The data |
◇ ◇ ◇ ◇ ◇

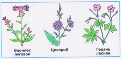 3. С помощью рисунка учебника раскрась растения. Постарайся правильно передать окраску их цветков!
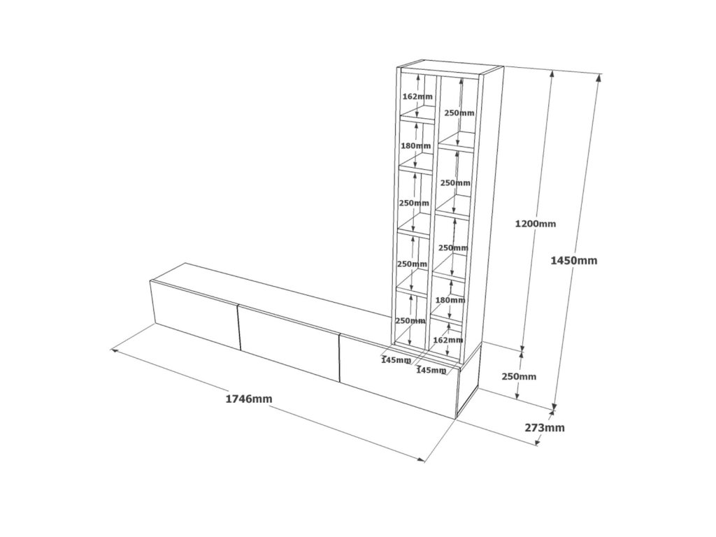 - Vybavení: 3 dveřová dvířka (skříňka) a regálek
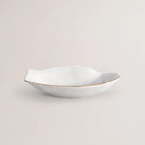 The Set of 2 Small Plates White with Golden Rim No5 – Indulge by Sarah-Linda embodies timeless elegance with a contemporary twist. Handcrafted in Limoges porcelain, each plate features a sculptural shell-like shape, a crisp white surface, and a delicate golden rim that highlights its organic curves.

◇ ◇ ◇ ◇ ◇

To do | Print the data above from its first line through the line that has "- Vybavení: 3", exactly and with nothing else, omitting pictures.

Solution to the exercise |
 3. С помощью рисунка учебника раскрась растения. Постарайся правильно передать окраску их цветков!
 - Vybavení: 3 dveřová dvířka (skříňka) a regálek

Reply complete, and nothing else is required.